Word document matrix

-__ Word document matrix __ is one of the methods for converting word data into numerical data. ・ This is a numerical value of the frequency of words appearing in documents. In order to execute this word document matrix, the document was divided into words by morphological analysis. -For execution, use __CountVectorizer () __ of scikit-learn. -By default, it is not recognized as a word unless it has two or more characters, but in Japanese there are words that make sense even with one character, so in such a case, "token_pattern ='(? U) \ b" in the above argument Enter "\ w + \ b'".
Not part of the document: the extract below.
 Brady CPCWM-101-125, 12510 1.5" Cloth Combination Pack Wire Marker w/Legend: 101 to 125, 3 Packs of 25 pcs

-For the CountVectorizer () object (CV), you can make an array of the number of occurrences of words by doing __CV.fit_transform ('character string to make a word document matrix') __.

-In the code below, "morpO" in the previous section is converted to a word document matrix, which is further converted to an ndarray array and represented by a DataFrame.
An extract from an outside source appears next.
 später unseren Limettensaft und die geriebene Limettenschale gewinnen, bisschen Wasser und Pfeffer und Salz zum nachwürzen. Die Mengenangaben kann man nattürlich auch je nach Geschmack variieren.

With __ "get_feature_names ()" __, the learned words are stored as an array.

-Code output result (only part) スクリーンショット 2020-10-18 18.39.40.png

Weighted word document matrix

-In the above word document matrix, the frequency of occurrence of universal words such as __ "I" and "desu" inevitably increases. __ At this rate, words that appear only in a specific document are not emphasized, and "characteristics of speech" cannot be properly extracted. -In such a case, use a technique such as __ "Reduce the weight of universal words that appear in any document and increase the weight of words that appear only in a specific document" __ Document matrices are often created, and this is called __ "weighted word document matrix" __. -As the value that determines the weight at this time, __ "TF-IDF" __, which is obtained by multiplying the word appearance frequency (TF) by the value of IDF, is used. -IDF is calculated by the ratio of the total number of documents to the number of documents in which the word appears, and the smaller the number of __ documents that appear, the larger the IDF value. __ That is, the weight (TF-IDF) increases.

-Execution of the weighted word document matrix is performed as follows. TfidfVectorizer(use_idf=) -Specify True or False for "use_idf" and specify __ "whether idf is used for weighting" __. -Similar to CountVectorizer (), if you want to treat even one character as a word, specify __ "token_pattern" __.

-After that, you can make an array of the number of occurrences of words with __ "fit_transform ()" __ like CountVectorizer ().

Calculate word similarity

・ This time, we will create an unsupervised model __ with the similarity of the appearance of __words as a feature. -There are various methods for calculating the similarity of words, such as cosine similarity, which is the similarity between vectors, but this time, the similarity is calculated by calculating the __correlation coefficient __ between each column. measure. -Use the __DataFrame.corr () __ method to calculate the correlation coefficient. For this reason, the above code converted it to a DataFrame.

Analyze utterance characteristics

Creating a similarity list

-Since the __correlation coefficient calculated in the previous section is the feature quantity, we will analyze it quantitatively using this. -First, convert the correlation coefficient from matrix format to list format. To do this, use the __DataFrame.stack () __ method. (Stack () converts column to row, unstack () converts row to column)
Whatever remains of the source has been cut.